*THE DATA*.
§ §

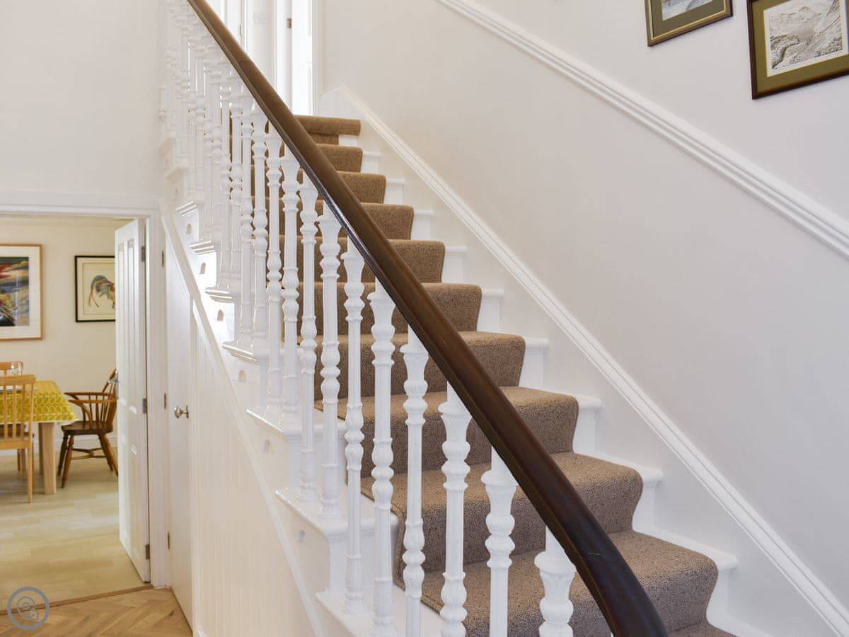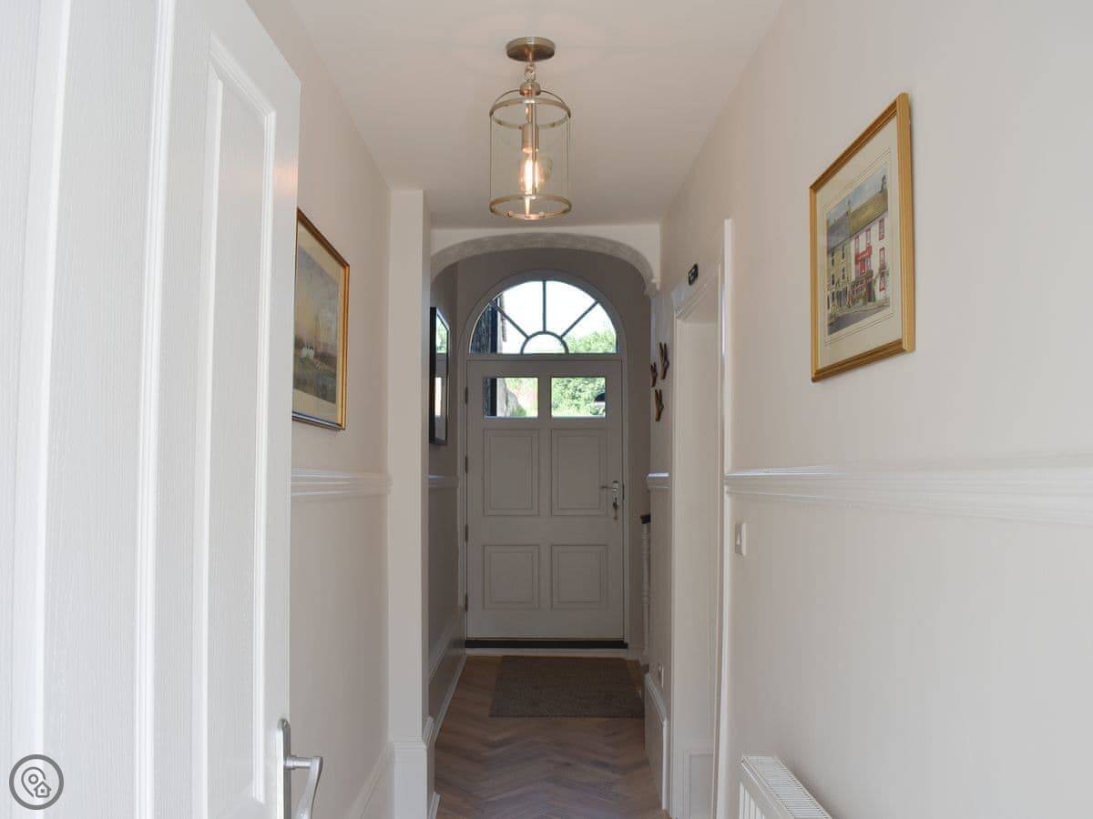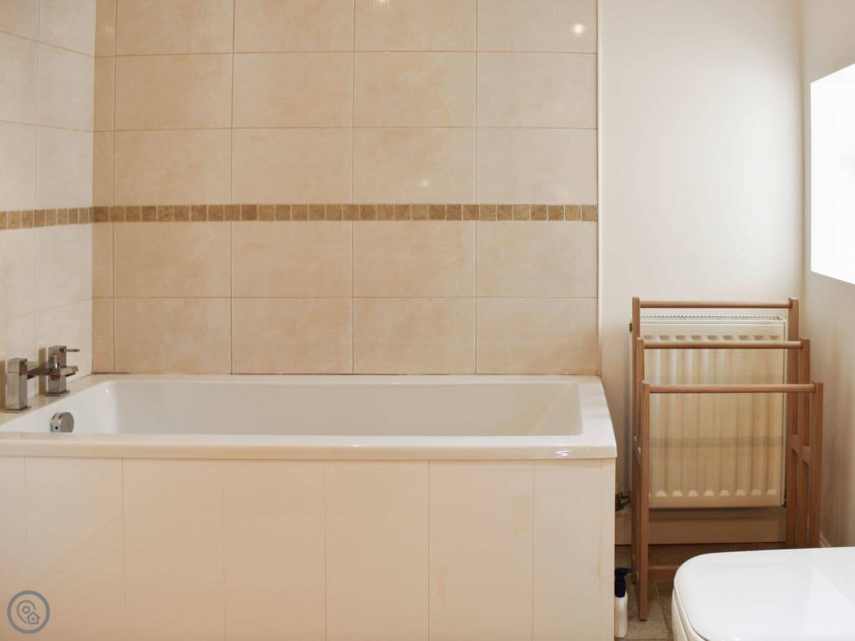 It’s a three bedroom house that sleeps six. Two bathrooms. It has a 5 Star rating, which means it's well looked after. The kitchen is big with a range cooker. The living room has an open fire, which we leave logs for.
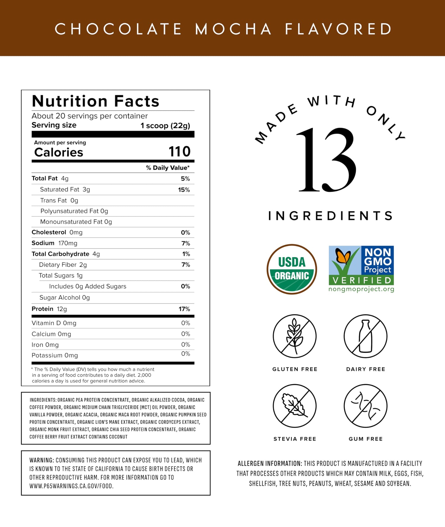 - Certified USDA Organic: Trust in the integrity of our plant-based vegan protein powder, certified USDA Organic, non-GMO, and vegan-friendly. Our straightforward label and simple ingredients ensure transparency and quality. Protein sourced from all organic pea, pumpkin seed, and chia seed.
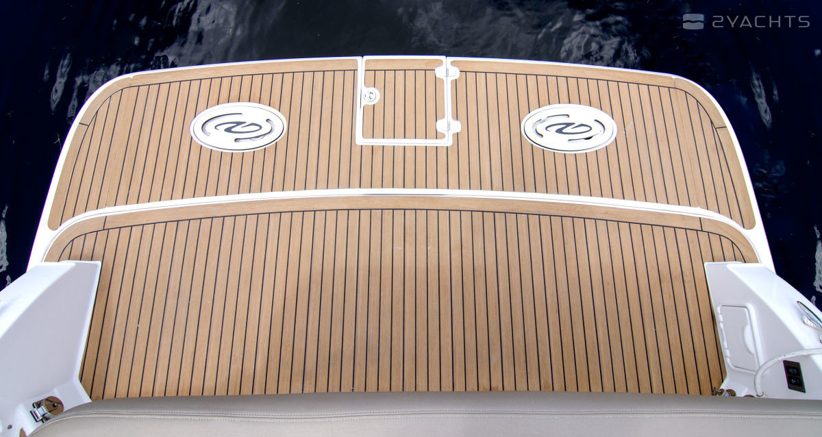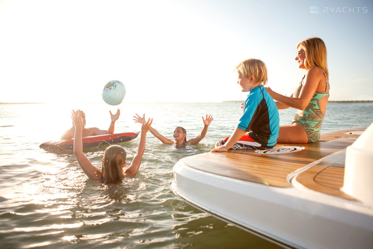 Опционально над купальной платформой можно установить хардтоп, в транце оборудован душ. В носовой части установлен мягкий лежак.

§ §

*HOW TO COMPLETE THIS TASK*. Where the material contains pictures, leave them out and copy the rest verbatim.

*THE ANSWER*.
 It’s a three bedroom house that sleeps six. Two bathrooms. It has a 5 Star rating, which means it's well looked after. The kitchen is big with a range cooker. The living room has an open fire, which we leave logs for.
 - Certified USDA Organic: Trust in the integrity of our plant-based vegan protein powder, certified USDA Organic, non-GMO, and vegan-friendly. Our straightforward label and simple ingredients ensure transparency and quality. Protein sourced from all organic pea, pumpkin seed, and chia seed.
 Опционально над купальной платформой можно установить хардтоп, в транце оборудован душ. В носовой части установлен мягкий лежак.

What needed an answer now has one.